By SupplementList Editorial Team • 2026-05-03

Why Men's Probiotic Needs Differ

While the fundamental importance of a healthy gut microbiome is universal, men and women have distinct microbiome compositions, different hormonal environments, and different health priorities that make strain selection meaningful. Men have higher testosterone levels, different gut transit times (faster than women on average), higher rates of certain GI conditions (colon cancer, diverticular disease), different cardiovascular risk profiles, and unique health concerns like prostate health and sperm quality. Emerging research is revealing specific probiotic strains with evidence relevant to these male-specific health outcomes.

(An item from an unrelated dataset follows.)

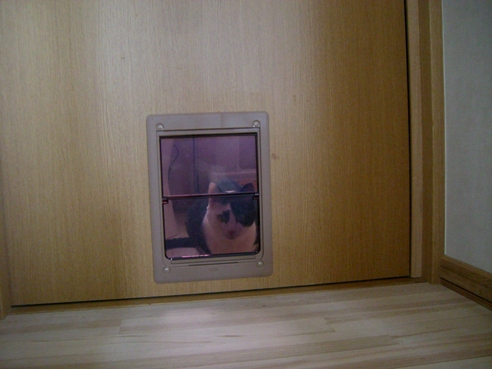 今日は休みだったので観察していると クーがニャンコ扉から入っていって用を足した。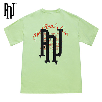 PNJ字母短袖t恤女男2022新款情侣装白色圆领棒球协会运动半袖潮

Gut Health: The Foundation

Men have significantly higher rates of colon cancer (lifetime risk ~4.5% vs. ~4.2% in women), and gut dysbiosis is a recognized colorectal cancer risk factor. Probiotics with colorectal cancer-preventive evidence include Lactobacillus acidophilus (reduces genotoxic bacterial enzymes like beta-glucuronidase) and Lactobacillus reuteri (anti-inflammatory effects on colonic mucosa). For IBS — which men experience less commonly but with different symptom patterns (more diarrhea-predominant IBS vs. constipation-predominant in women) — Lactobacillus plantarum DSM 9843 (Lp299v) has several positive RCTs for IBS-D specifically. For constipation-predominant gut issues, Bifidobacterium longum BB536 and Lactobacillus rhamnosus GG have the strongest evidence.

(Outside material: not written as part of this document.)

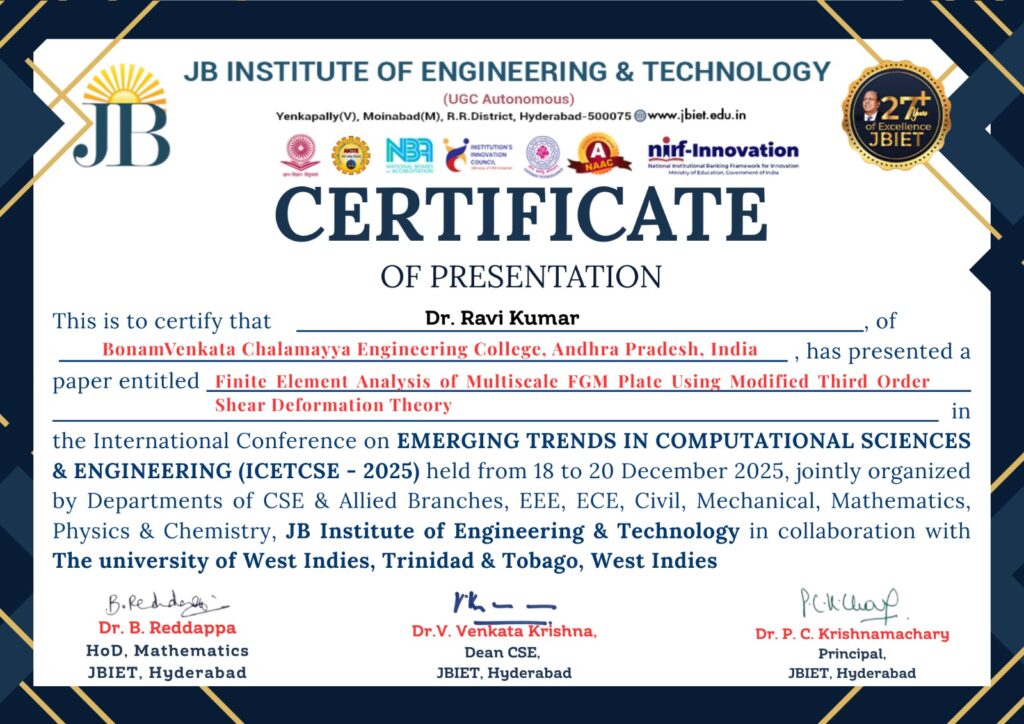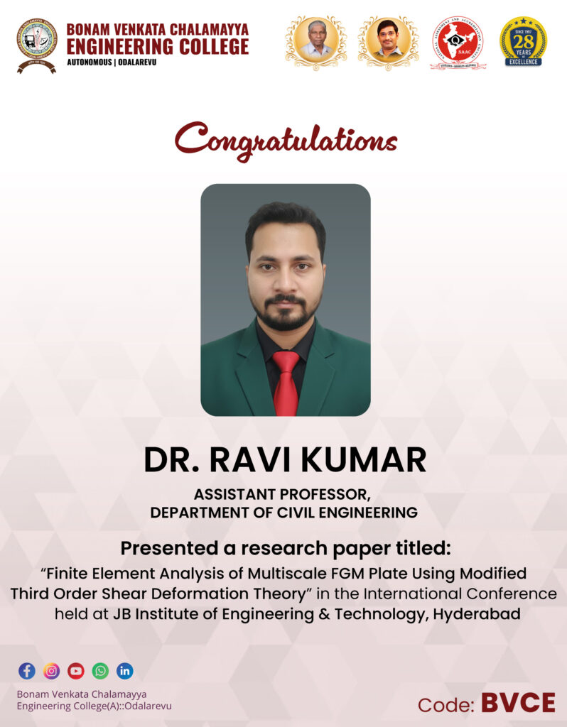 Congratulations Dr. Ravi Kumar | Assistant Professor | Civil Engineering | BVCEC | Research Paper Presented at JB Institute of Engineering & Technology, Hyderabad 🎓

Testosterone and Male Hormone Health

One of the more surprising emerging research areas is the gut-testis axis. The testicular microbiome and gut microbiome influence Leydig cell function (testosterone production). An animal study found Lactobacillus reuteri supplementation in aging mice significantly prevented age-related testicular atrophy and maintained testosterone levels vs. controls. Human data: limited but suggestive. A 2021 pilot study found probiotic supplementation improved testosterone bioavailability (reduced sex hormone-binding globulin) in men with metabolic syndrome. Mechanisms: probiotics may improve testosterone levels indirectly through reducing systemic inflammation (high TNF-α suppresses Leydig cell function), improving insulin sensitivity (insulin resistance reduces testosterone), and potentially through direct gut-testis axis signaling.

Prostate Health

Prostate health is a male-specific concern affecting quality of life significantly. Benign prostatic hyperplasia (BPH) — affecting 50% of men over 60 — is driven partly by inflammation and DHT (dihydrotestosterone). Prostatitis (bacterial and non-bacterial) is common in younger men. Emerging evidence links gut dysbiosis to prostate inflammation: gut bacteria produce short-chain fatty acids (SCFAs) and regulate systemic inflammation that affects prostatic tissue. Lactobacillus plantarum and Lactobacillus crispatus have shown anti-inflammatory effects relevant to prostatitis in small clinical studies.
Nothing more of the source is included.